-- Stored data --
--*--

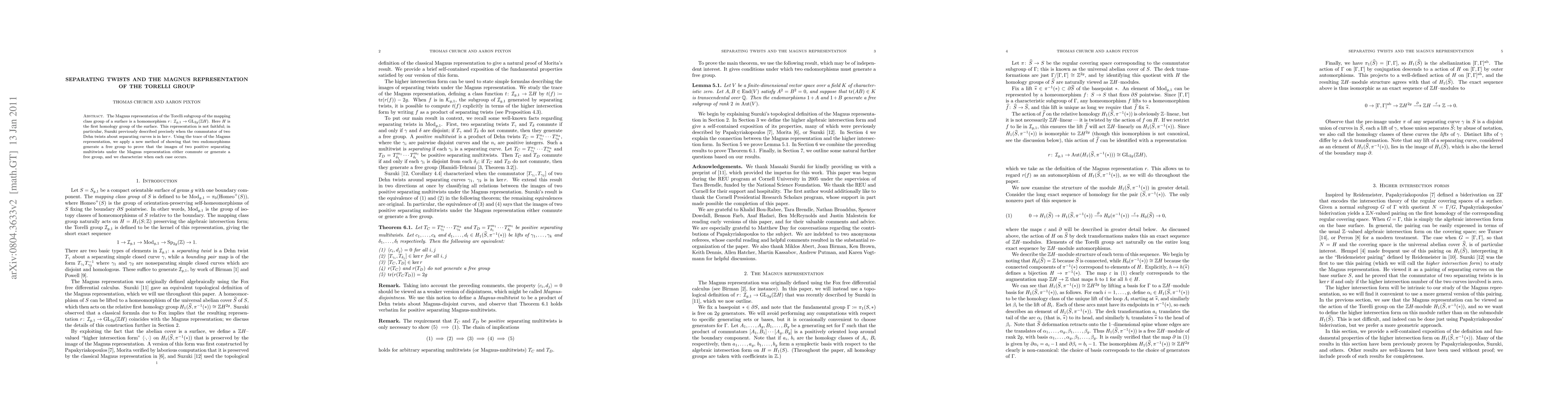 This paper explores the Magnus representation of the Torelli group, revealing that images of separating multitwists either commute or generate a free group, with a new method using trace to determine the exact conditions for each case.
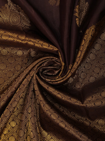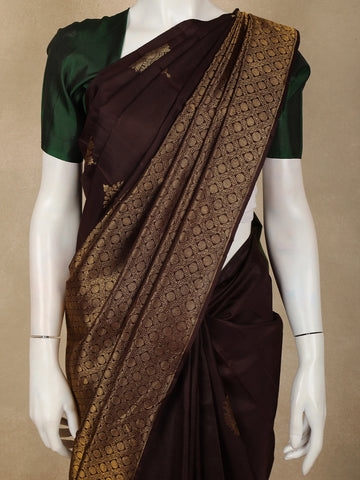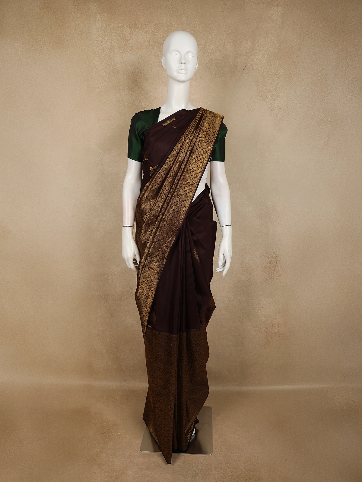 Deep Coffee Brown Geometric Zari Woven Design Pure Kanchipuram Silk Saree
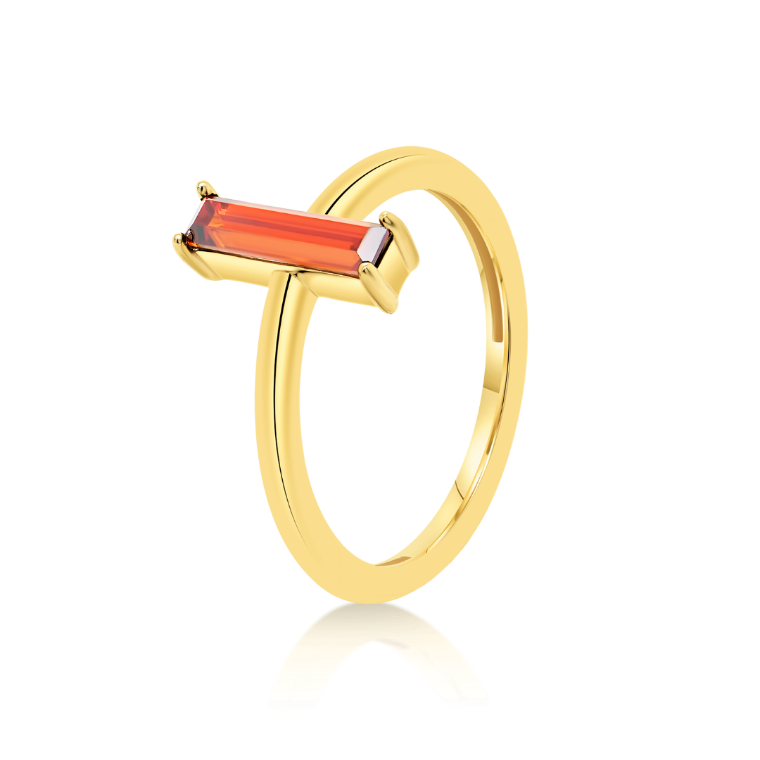 Inel din aur galben de 14K cu piatră roșie cubic zirconia.

--*--

-- Exercise objective --
Retype everything in the material word for word, minus pictures.

-- Finished exercise --
 This paper explores the Magnus representation of the Torelli group, revealing that images of separating multitwists either commute or generate a free group, with a new method using trace to determine the exact conditions for each case.
 Deep Coffee Brown Geometric Zari Woven Design Pure Kanchipuram Silk Saree
 Inel din aur galben de 14K cu piatră roșie cubic zirconia.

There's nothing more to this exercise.